Christoph König eröffnet sein Hofmannsthal-Buch mit einem Kapitel, das „Philologie und Poesie“ ineinander liest, in einer Zeit, in der „nun Philologie und Bildung einander fremd gegenüberstehen“.53 Jede wissenschaftliche Bestimmung literarischer Autonomie oszilliert (wie ihr Forschungsgegenstand selbst) zwischen Relevanzanschlüssen (an Wertsysteme, politische Programme, Leitideen, Förderpolitik etc.) und andererseits der Scheidung eines engen, spezifischen Literaturbegriffs von einem extensiven Textkorpus, mit Gerd Antos könnte man insofern auch von „wissenschaftlicher Autonomie“ sprechen.54 Da die Germanistik eine Methodengeschichte der Literaturwissenschaft in stärkerem Maße etabliert hat als die Romanistik, bleibt die Übertragbarkeit des Forschungsstandes auf eine Fremdsprachenphilologie und insbesondere auf die idealistische Neuphilologie der 1920er Jahre noch zu leisten. Germanistische Autonomiedebatten gingen in der hohen Zeit der Literaturtheorie wohl bewusster mit deren jeweiligen historisch-philosophischen Kontextualisierung um und unterlagen nicht im gleichen Maß der Absolutsetzung des jeweiligen Autonomiekonzepts wie die deutsche Romanistik, die zwischen Mallarmé, den Avantgarden, dem Nouveau-Roman und den Ausläufern der Neo-Avantgarden der 80er Jahre allerdings auch einem grundlegend anderen Kanon literarischer Autonomie gegenüberstanden. Eine Diskursgeschichte literarischer Autonomie aus einer wissenspoetologischen Perspektive des 21. Jahrhunderts bleibt noch zu schreiben. Sie hat davon auszugehen, dass auch Autonomie- (und Heteronomie-) Bestimmungen von Literatur und historische Verschiebungen des Begriffsfeldes immer dialektisch von der diskursiven Auflösung des Einteltextes abgrenzen, sich aber hierfür auf Wissensdiskurse beziehen müssen.

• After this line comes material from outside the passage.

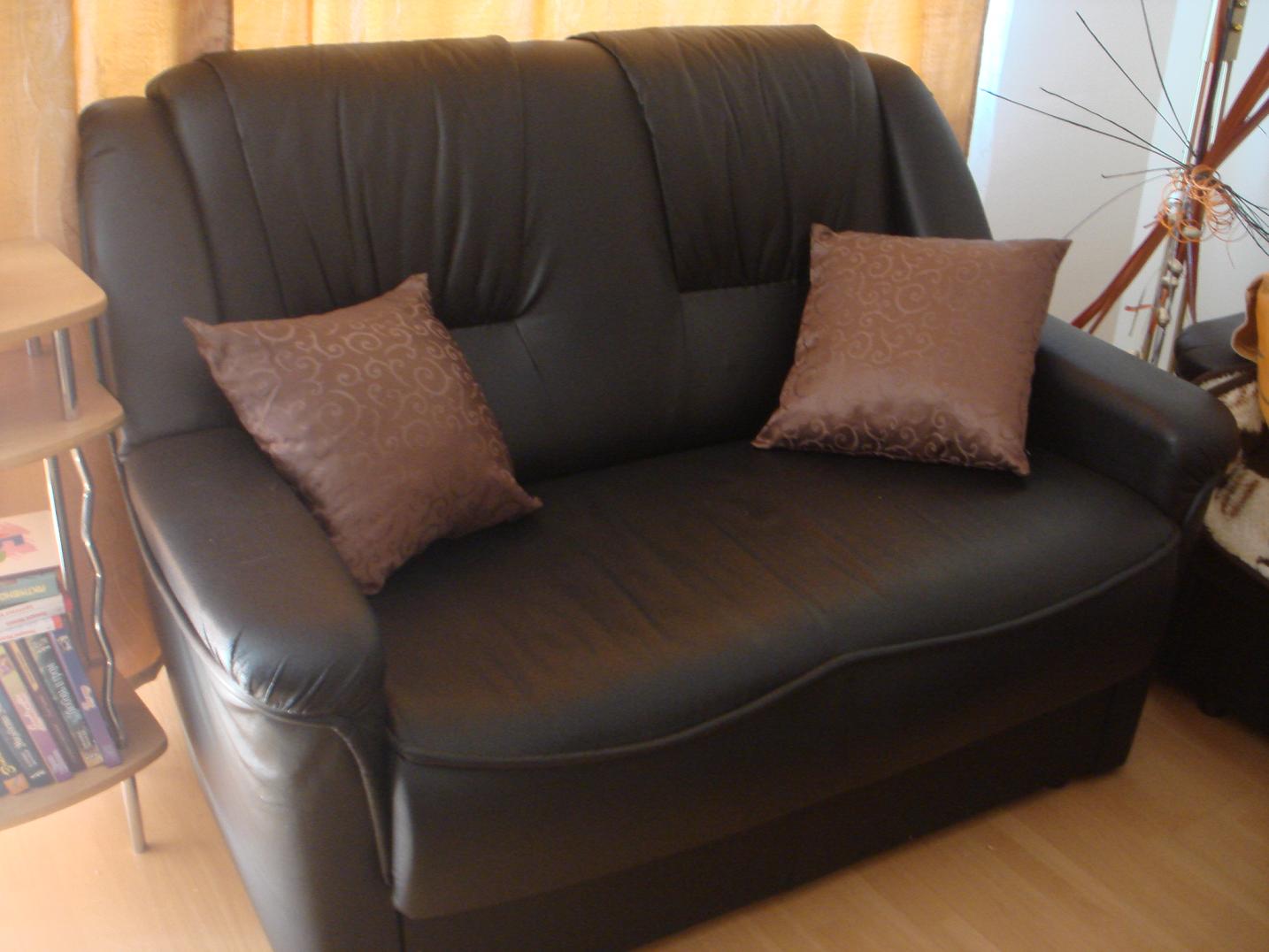 Продаются 2 дивана (длина 2м и 1.25 м) и одно кресло (80 см), всё из одного комплекта, чёрного цвета, кожа.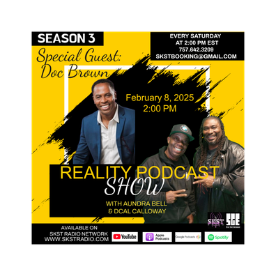 🎙️ Reality Podcast with Aundra Bell & Dcal Calloway 🎙️ 🔥 Special Guest: Doc Brown from The Balcony Podcast 🔥 📅 February 8, 2025 | 2:00 PM 📍 Streaming LIVE on SKST Radio Network & Podcast Studios 🌐 www.skstradio.com Don't miss this powerful conversation as we dive into real talk, raw truths, and unfiltered perspectives. Tune in and be part of the discussion! 🎧✨ #RealityPodcast

So äußert sich Adorno ja ebenso über seine Gegenwart wie über seinen Gegenstand, wenn er schreibt: „Die Funktion der Kunst in der gänzlich funktionalen Welt ist ihre Funktionslosigkeit; purer Aberglaube, sie vermöchte direkt einzugreifen oder zum Eingriff veranlassen.“55

Analog zum anglo-amerikanischen New Criticism bleibt das geistesgeschichtlich-idealistische Beharren auf literarische Autonomie in Deutschland nach 1945 durchaus bestehen. Zwar mussten Germanisten und Romanisten ins Exil oder in die innere Emigration, wenn sie nicht Opfer von Berufsverbot oder Verfolgung wurden. Dennoch gilt es, die methodengeschichtliche Kontinuität des Autonomiekonzepts zu erklären, die nach 194556 die völkisch diskreditierte Geistesgeschichte durch werkimmanente Interpretationsverfahren (unter weitgehender Aufgabe der lebensphilosophischen Anbindung) ablöste, die in den 50er und 60er Jahren dominant blieb; die Fachgeschichte der Germanistik untersuchte dies etwa für die politische Haltung einiger Fachvertreter. So wie die deutsche Nachkriegsarchitektur das Bauhaus-Projekt pragmatisch in den Wiederaufbau integrierte, ohne freilich Modernität als Lebensreform noch ernst zu nehmen, so schlug sich nun die Beschäftigung mit dem „sprachlichen Kunstwerk als solchem“ abgelöst von den tieferen philosophischen Prämissen unter anderem als Editionswissenschaft (Trunz), über eine typologisierende Poetik (Kayser), humanistische Studien (Staiger), Ästhetikgeschichten (Kindermann) und gattungsgeschichtliche Forschung (von Wiese) nieder.

Mit dem Moment 1970 ist eine bis heute fortwirkende Generationenabfolge57 in Germanistik wie Romanistik benannt, die Textimmanenz bedient sich nun stärker linguistischer bzw. allgemein strukturalistischer Verfahren, um Text- und Gattungsstrukturen zu untersuchen (die bereits in den 1960er Jahren erarbeiteten Methoden setzen sich nun durch, etwa mit Lämmert, Hamburger und Stanzel), was zunächst nicht mehr als ein idealistisches Forschungsprogramm gesehen werden kann. Literaturprogramme nehmen insbesondere in Frankreich literaturtheoretische Debatten auf, so dass sich hier Gegenstandsbereich und Methodeninventar vermischen, aber auch an Versuchen von Literaturtheorien in der Folge, ein spezifisch literarisches Engagement zu begründen, wie Tel Quel.58 Textautonomie und Lebenswissen sind längst auseinandergetreten.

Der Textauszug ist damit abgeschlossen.